Tuesday, July 04, 2006

Just a suggestion ...

The Episcopal Voices of Central Florida, of which I'm a member, is drafting a response to Bishop Howe's request for AlPO. We will dissociate ourselves from this action, as we should.

The (ultra-conservative, fundamentalist) leadership of this diocese has insulated itself from the people in the pews. There was no attempt to get a consensus from members of the diocese before hooking us up to the Network a couple of years ago. No one even knew the boards were meeting unitl after they came out with the June 29 statement dissociating this diocese from the actions of GC, refusing the leadership of the duly and lawfully elected new presiding bishop, and demanding alternative oversight.

My friend Charlotte made this suggestion:

The decision to seek A(l)PO for Central Florida was taken by a very small group of very conservative committee members. There is no representation on these committees for the moderate or liberal Episcopalians in the diocese. We didn't even know the names of these committee members until yesterday; they aren't posted on the diocesan website.
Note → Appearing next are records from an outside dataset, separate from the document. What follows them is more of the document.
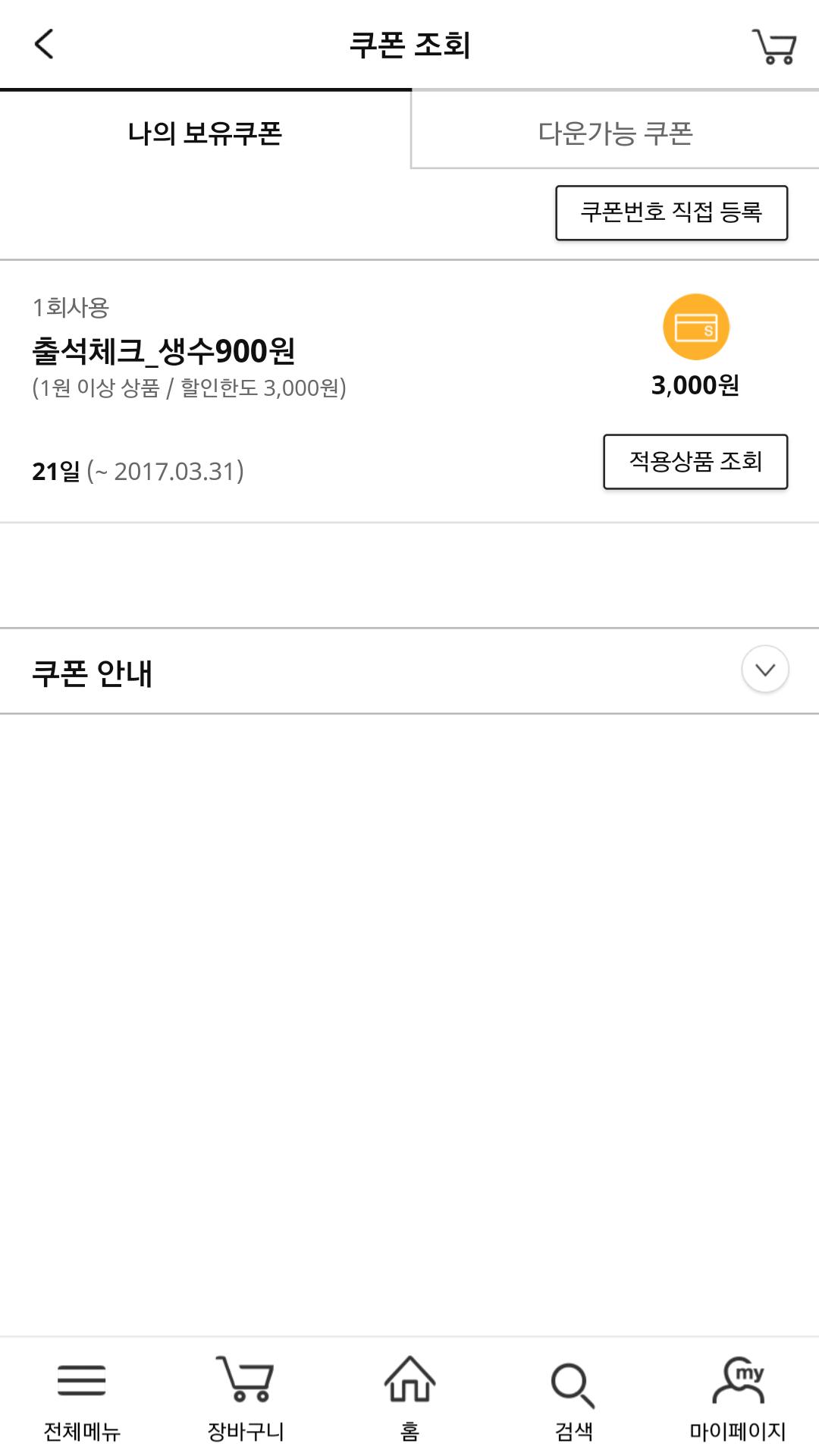 삼성카드 쇼핑 출석체크 쿠폰 들어왔어요
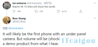 屏下摄像头的概念早已不是第一次传出,此前包括三星、华为、小米在内的多家手机厂商都公布了旗下屏下摄像头得到解决方案,但直到现在进展都比较缓慢。而近日根据业内人士@Ross Young最新发布的爆料称,全新的xiaomi Mi Ultra(小米10至尊纪念版)除了双曲面柔性屏外,还将提供有屏下摄像头版本。并且@Ross Young指出,该机可能是第一款采用屏下摄像头技术的手机,当然,目前应该是演示版本,而不会是最终量产版本,但至少是取得了大的进展。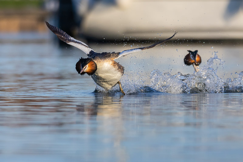 Volop baltstijd nog bij de Futen, één van de meest spectaculaire rituelen is die van het admiraalzeilen en de cathouding. 1 van de twee start in een balts plots met weg te rennen over het water wat eindigt met een muur van water en gespetter én de vogel zijn/haar vleugels breed opzet; de cathouding én het ‘rennen en het met brede vleugels landen’ het admiraal zeilen. Als een uitnodiging om vervolgens weer beide bij elkaar te komen voor een vervolg van de balts. Een schitterend gezicht en beleving, in de komende weken nog zeker de kans om dit bijzondere ritueel waar te nemen. Gemaakt in de haven van Enkhuizen en ieder voorjaar één of twee workshops speciaal in het thema van de futenbalts.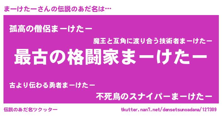 | 意味不明あだ名 | 『まーけたーフォーエバー』 |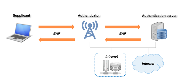 This technology relies on the Extensible Authentication Protocol (EAP) to send messages between the supplicant and the authentication server, allowing multiple implementations for corporations to encapsulate the packets: EAP-TLS, EAP-TTLS/MSCHAPv2, PEAP/EAP-MSCHAPv2, PEAP/EAP-GTC, PEAP-TLS, EAP-SIM, EAP-AKA, EAP-FAST and LEAP.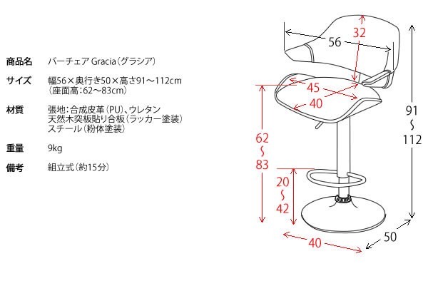 ●商品サイズ:幅56×奥行き50×高さ91〜112cm(座面高さ62~83cm)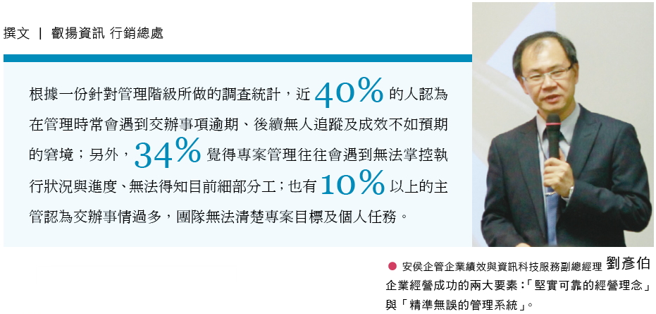 劉彥伯也特地舉例說明,工作流程往往會在有 形無形當中出現癥結點,拿有形的產線來說, 「KPMG 在輔導許多企業的案例當中,往往會發 現經理變科長、科長變成產線,這些管理階層花 太多時間處理異常或是突發狀況,反而忽略最重 要的整體流程推動及工作指導。」他也強調,從 無形面來看,組織內部大多還是以Excel 管理和 以 E-mail 來溝通,但其實,這種管理方式比較 適合微小型企業,「隨著組織日益龐大,Excel 來來往往修修改改會有 亂難以整理的瓶頸,加 上E-mail 資料散亂無法串連、又容易被修改, 過程資訊不能整合在一個地方,且要由個人保存 與管理,反而更容易出狀況,如漏看等,這對協 同作業是一大致命傷。」
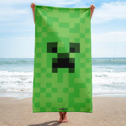 Bring pixel-perfect fun to your beach days with the Minecraft Creeper Big Face Beach Towel! Featuring the iconic green Creeper design from the beloved video game, this towel is a must-have for Minecraft fans who want to show off their gamer style all summer long.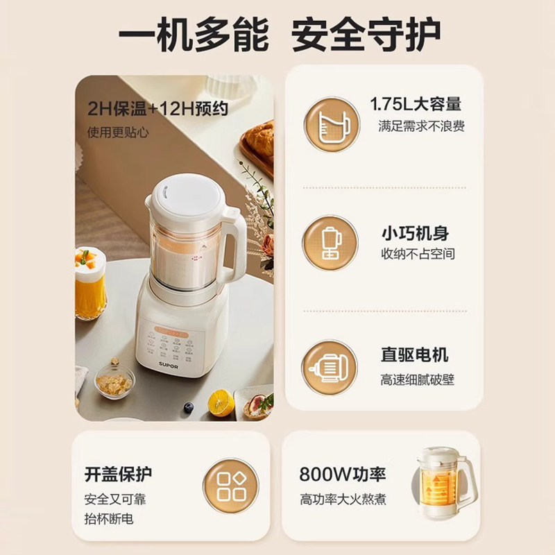 苏泊尔破壁机豆浆家用全自动轻音多功能料理机SPT211S

Yet they have put all of us in the diocese at risk.

What I'd like to see is representation for moderates and liberals at all levels of the diocesan leadership, and I'd like to see it effected as soon as possible, perhaps through a mass resignation of all current Standing Committee members, followed by a special election.

In other words, a kind of Glorious Revolution in the diocese, making it possible to introduce some checks and balances into the decision-making process.

They are needed! After reading the Guardian article, "Divine Divisions," I'm quite convinced that the decision to seek A(l)PO will prove to be disastrous for the persons who took it. If they climb down from their present position, it will be humiliating; if they do not, they will split the whole Communion, including the Church of England -- and I would not want that to be my legacy to the Church I love! If they had been able to hear the voices of dissenters, they might not have succumbed to groupthink and the excitement of the moment.

I, too, would like to see a mass resignation and special election. The British Prime Minister can call for a special election if he or she feels out of step with the will of the people. Let's take a leaf from that Anglican book.

The request for AlPO could be put up for a vote -- do we, a clear majority in the diocese, really want this?

Unfortunately, I don't see this happening. The people in power aren't going to give an inch, though I think we should hammer away at it. Vive la revolution!

So, I have a suggestion for the Archbishop of Canterbury, who, I suspect, is always delighted to receive my suggestions: Sit on this request like you sit on everything else. In 20 years, when all the signers have died or retired, your successor can ask her aide, "Oh, BTW, whatever is happening with those schismatic yanks in Central Florida and Pittsburgh and whatnot?"

Maybe it could be put on the table at Lambeth 2028.